Tip # 4: Bring Your Own Lunch
Avoid eating lunch at restaurants or fast-food joints. Restaurant meals tend to have large portions, and high calorie and fat content. Making your own lunch allows you to exercise control over the ingredients used and the portion size consumed.
Tip # 5: Exercise Regularly
Along with weight control and medical treatment, exercise is essential for the sustained health of diabetic patients. Regular exercise decreases body fat weight loss, improves blood sugar control and the body’s response to insulin. Aim to achieve at least 30 minutes of physical activity five days a week. The key is to find something you enjoy doing and stick with it, whether it’s walking, swimming, cycling, or dancing.
Tip # 6: Keep a Food Record
As you gradually gain control over your weight and blood sugar, it can be helpful to keep a log that contains information about your eating habits. Every time you eat something make it a point to jot down what you ate, how much you ate, where you ate it, and when you ate it. You can even include your thoughts on how you feel health-wise pre and post eating. Over time, you’ll start to see a definite eating pattern.By identifying the situations in which you’re most likely to make poor food choices – something we often do as a result of stress or anxiety – you can adopt ways to circumvent such occasions.
Tip # 7: Maintain Dental Health
Unregulated diabetes also leads to higher than normal levels of glucose in your saliva, which raises the risk for dental decay. Diabetes makes fighting infections harder, so if you develop gum disease you’ll face a rather difficult time eliminating it. For healthy teeth and gums, dentists and nutritionists recommend that you visit your dentist regularly, brush with a fluoride toothpaste twice a day, and remember to floss.

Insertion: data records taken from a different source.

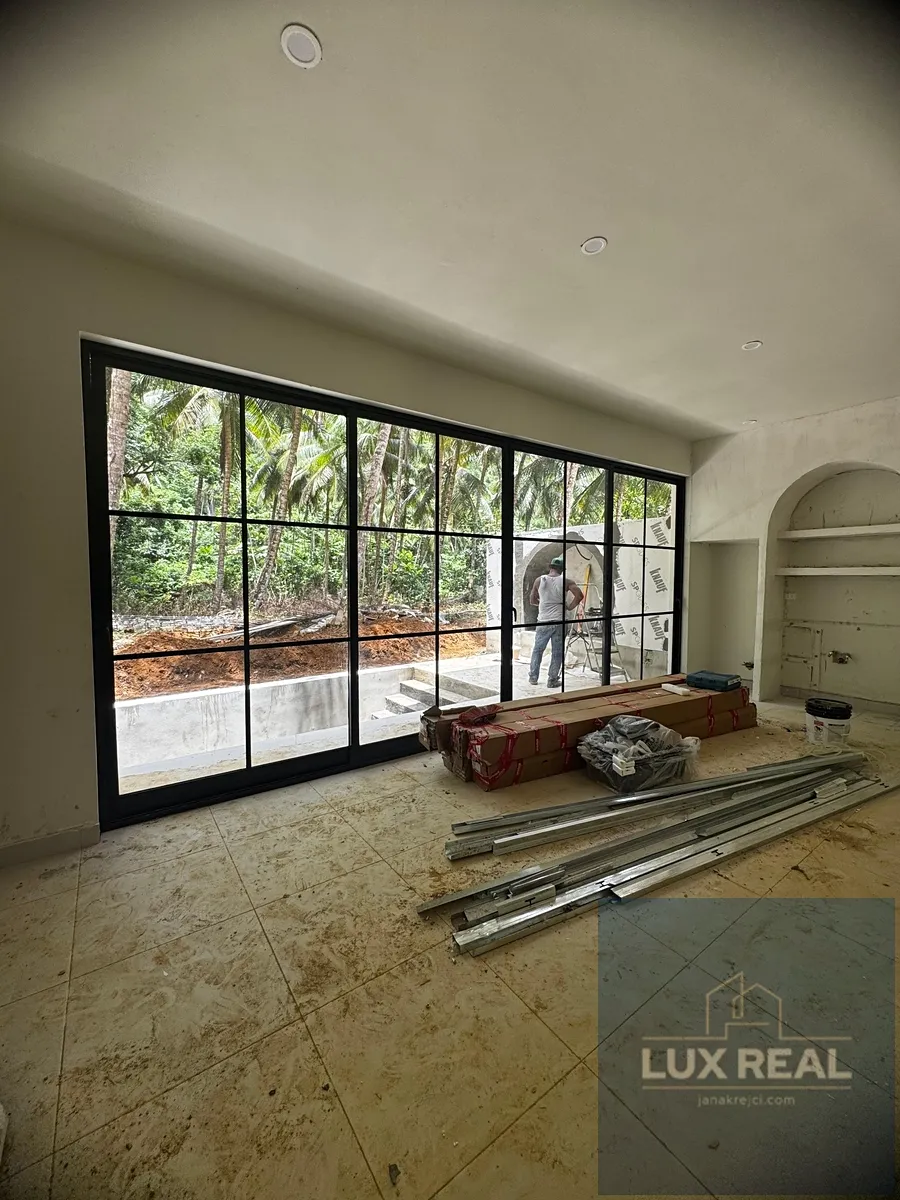 V ceně je zahrnuto: koupelna ( umyvadl, baterie, sprcha, WC), kuchyně včetně sporáku, boiler. Dveře do místností, kompletní výmalba vně i uvnitř domu, zásuvky a vypínače, osvětlení venkovní i uvnitř domu. Okna (zrcadlová, speciální úprava proti hluku a teplu), bazén.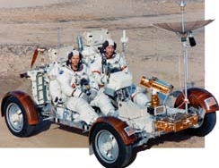 月球车是可以在月球表面行驶的电动车,它是宇航员在月球上活动必不可少的助手。它按照乘坐的两名宇航员的身体条件设计而成,由电能驱动,最高的行驶速度为每小时13千米。阿波罗15号、16号、17号的登月宇航员正是由于配备了月球车,才可以在月球上行走。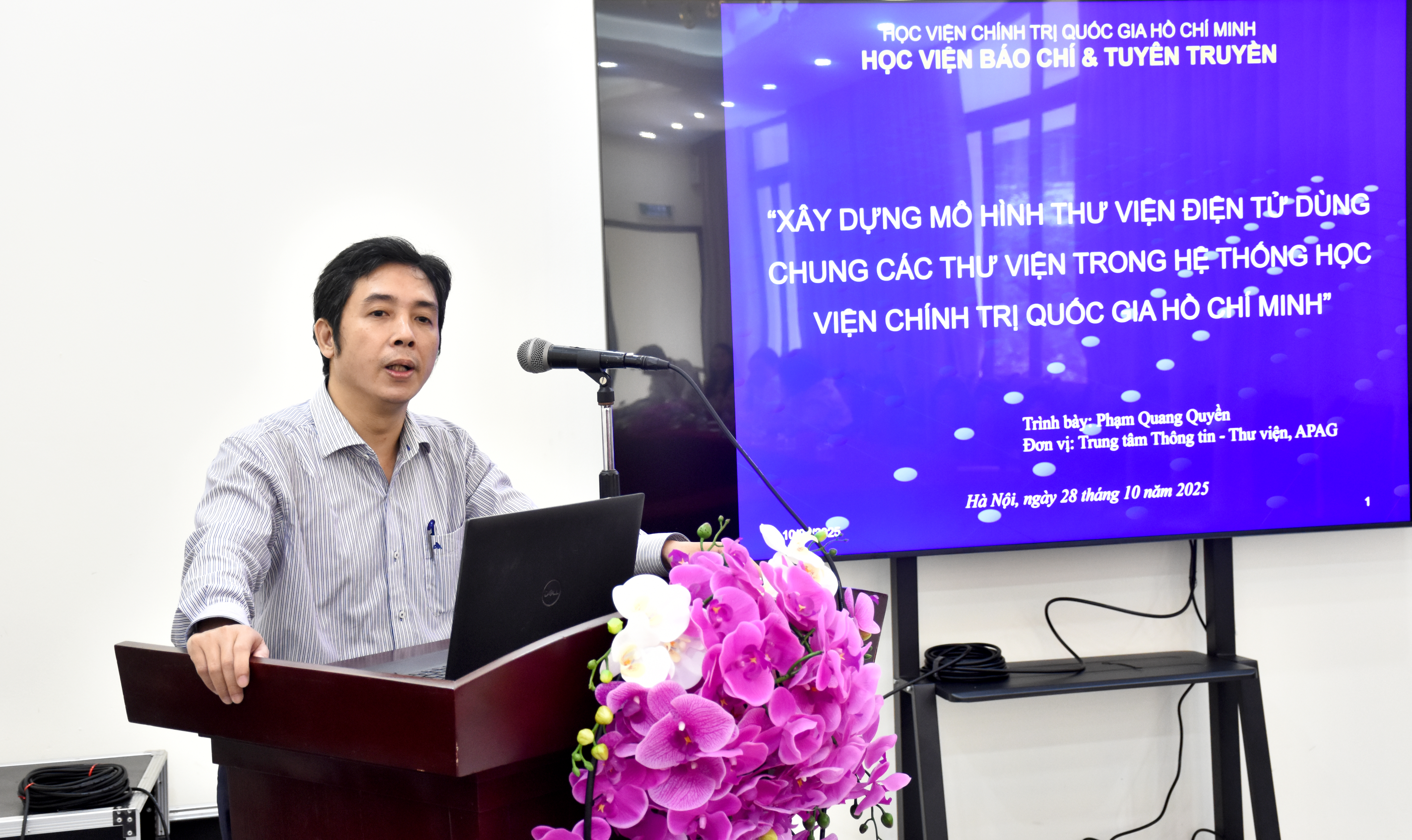 TS. Phạm Quang Quyền, Quyền Giám đốc Trung tâm Thông tin - Thư viện, Học viện Hành chính và Quản trị công trình bày tham luận Xây dựng mô hình thư viện điện tử dùng chung giữa các thư viện trong hệ thống Học viện Chính trị quốc gia Hồ Chí Minh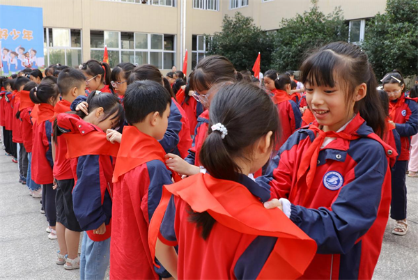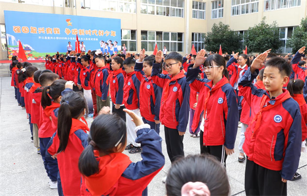 强国复兴有我,争当新时代好少年——开江县复兴小学2025年“十一三”建队日系列活动纪实金秋十月,队旗招展,童心向党。在中国少年先锋队建队76周年之际,开江县复兴小学于10月组织开展了以“强国复兴有我,争当新时代好少年”为主题建队日系列活动。通过庄严的入队仪式与多层次的主题教育,引导全体少先队员传承红色基因,筑牢理想信念根基。 精心筹备:队前教育扎实有效 建队日前夕,学校少工委统筹部署,于9月30日面向二年级预备队员开展了系统化队前教育。围绕“六知、六会、一做”核心内容,通过讲解队史、示范礼仪、学唱队歌、演练誓词与呼号等方式,激发孩子们对少先队组织的崇敬与向往。五年级队员积极发挥示范带动作用,形成“老带新、传帮带”的良好氛围,为入队仪式的顺利举行奠定坚实基础。 庄严仪式:红色星火代代相传 10月10日上午9时,学校内操场气氛庄重热烈。入队仪式在激昂的出旗曲中拉开序幕,旗手高擎少先队队旗,步伐铿锵,庄严入场。 全体师生齐唱《中国少年先锋队队歌》,歌声嘹亮,振奋人心。 政教主任陈媛媛宣读新队员名单,318名二年级学生正式加入中国少年先锋队。五年级老队员手捧红领巾,郑重为新队员佩戴。鲜艳的“红色”映衬着孩子们自豪的脸庞,象征光荣与责任的传递。 在优秀少先队员邓腾跃的领誓下,新队员高举右拳,庄严宣誓:“我是中国少年先锋队队员……”铿锵有力的誓言回荡在校园上空,展现了新时代少先队员的使命与担当。 新队员代表李易恒在发言中表示,将以红领巾为荣,勤奋学习、积极实践,努力成长为合格的社会主义建设者和接班人。 分管德育副校长余亚辉寄语全体队员,希望他们铭记入队誓言,传承红色精神,锤炼综合素质,立志肩负起民族复兴的时代重任。 “准备着:为共产主义事业而奋斗!”大队辅导员庄严领呼。“时刻准备着!”全体队员的回应铿锵坚定,传递出为实现中华民族伟大复兴而不懈奋斗的信念与决心。 仪式在庄严的退旗曲中圆满落幕,全体队员肃立注目,旗手稳步退旗,为这一庄严时刻画上圆满句号。 深化教育:主题活动全面开展 10月13日建队日当天,学校分年级开展了形式多样的主题教育活动,将红色种子播撒在每个孩子心中。 一年级开展队前知识启蒙,通过动画短片、卡通卡片等生动形式,让孩子们初步了解队旗、队徽的含义;二年级开展“我心中的队旗”绘画活动,孩子们用稚嫩的画笔描绘出对少先队组织的向往;三年级举行队歌合唱比赛,激昂的旋律展现了队员们团结向上的精神风貌;四年级开展“队史小故事”分享会,通过讲述英雄模范事迹,感悟红色精神;五年级开展“强国复兴有我”主题队课,深化对国家发展和个人责任的认识;六年级组织《“准备着”不是口号:我为少先队做过这些事》主题演讲,队员们结合自身实践,畅谈对少先队誓言的深刻理解。 此次“十一三”建队日系列活动,不仅是一次庄严的组织教育,更是一堂生动的爱国主义实践课。通过仪式熏陶和实践体验,少先队员们进一步增强了组织归属感和光荣感,深刻理解了“强国复兴有我”的时代内涵。复兴小学将继续深化阶梯式成长激励体系建设,引导广大少先队员树立远大理想,培养优良品德,勤奋学习知识,锻炼强健体魄,从小学先锋、长大做先锋,努力成长为能够担当民族复兴大任的时代新人,让红色基因代代相传,让星星火炬在新时代绽放出更加灿烂的光芒!(撰稿:开江县复兴小学少先大队部) |

Tip # 8: Seek Treatment for Sleep Apnea
Excessive sleep during the daytime is often a sign of sleep apnea, a disorder that causes recurring interruptions in breathing during sleep. Sleep apnea can be caused by faulty signals from the brain, or because the soft tissues at the back of the throat tend to relax and blocks the airway (obstructive sleep apnea or OSA). People with diabetes are more likely to develop sleep apnea than those without diabetes. OSA increases the risk of insulin resistance and can be a roadblock to controlling diabetes.
Tip # 9: Be Mindful of Foot-Care
Diabetes can cause neuropathy (nerve damage). Since this disease usually originates from the feet, good foot-care is critical. Wash your feet daily in warm water, and dry them with a clean soft towel. Do not soak your feet for long periods of time, or use hot water. Common symptoms of nerve , you may not notice sores, blisters, calluses, swelling, bruising or breaks in the skin, so you’ll need to be careful about inspecting your feet every day. Also, talk to your doctor right away about how to treat any problems and don’t walk barefoot.
Tip # 10: Moderate Your Alcohol Intake
Drinking between one to two alcoholic drinks per day has been shown to reduce the risk of developing Type 2 diabetes by an average of 30 percent. This in no way implies that non-drinkers should take up drinking. Regular drinkers are the target audience of this particular tip.
Diabetes can be an intimidating disease, and while it is true that patients must always remain vigilant about their health, this does not imply that a healthy and active life cannot be enjoyed. Gradually incorporate these tips into your daily routine, and you will find that coping with your disease will become more manageable with every passing day. Be sure to consult your doctor before making changes to your regular routine or dietary habits.